The Dallas Morning News’ architecture critic profiles one of the city’s most important current architects.

Writing in The Dallas Morning News, Mark Lamster highlights the career of architect Ron Stelmarski, who has played an instrumental in the reshaping of Dallas’ architecture.
As Lamster explains, “You know his buildings even if you don’t know his name, because you will find them in virtually every neighborhood of this city and its suburbs — Downtown, West Village, Deep Ellum, Oak Cliff — stretching from Red Bird Mall to the Frisco Star.” Stelmarski’s projects are varied: “There are skyscrapers, residential projects, works of adaptive reuse, medical centers and civic buildings, not to mention master planning for Fair Park.”
While his designs, like the ominous Richard Group building that looms over its West Village neighbors, are not always popular with the public, Lamster writes, “The precision and sculptural clarity of his work has earned his projects a seemingly endless string of professional accolades.”

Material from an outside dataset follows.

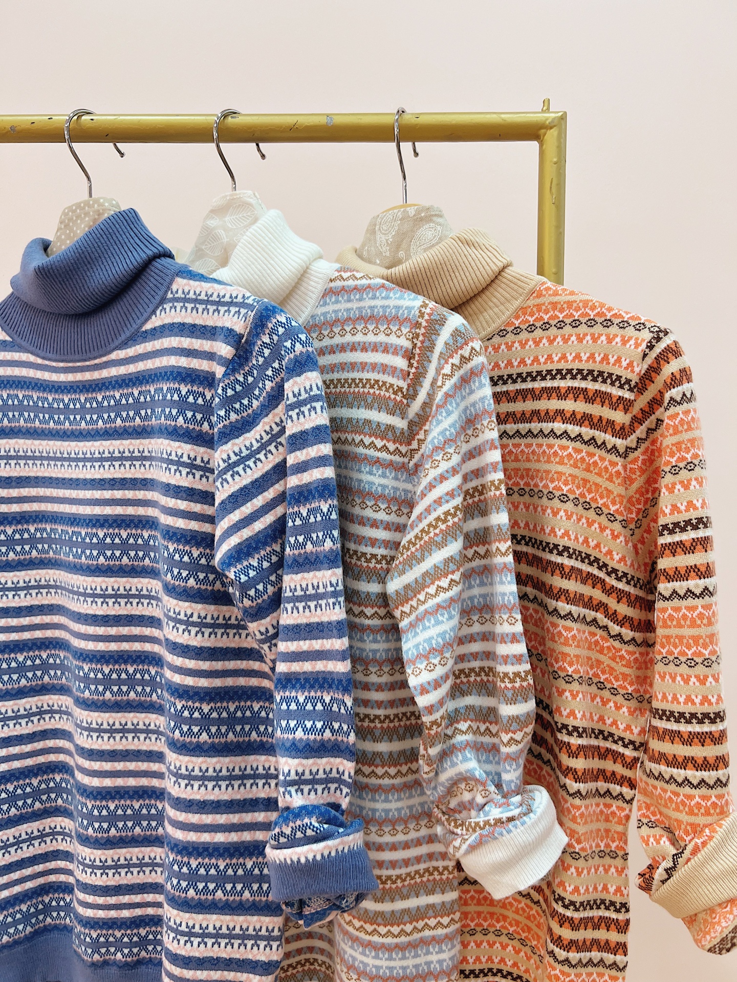 Camisola de malha muito quentinha, macia e confortável com gola alta (canelada) para usar como preferir.

Lamster describes Stelmarski’s Dallas-area projects, which “exhibit a consistent and distinctive rigor.” For Lamster, the most important of these is the 15-story Galbraith, a mixed-income building designed to make a statement. “That statement: Affordable housing matters, and so does architectural quality.” As Lamster explains, “It is the kind of building the city needs more of in terms of both aesthetics and function; the rare work of multi-family housing (affordable or otherwise) that eschews the generic and ubiquitous cheaply made greige block for genuine, thoughtful architecture.” While the building still includes over 300 parking spots, Lamster blames the city’s outdated zoning code for perpetuating onerous parking requirements.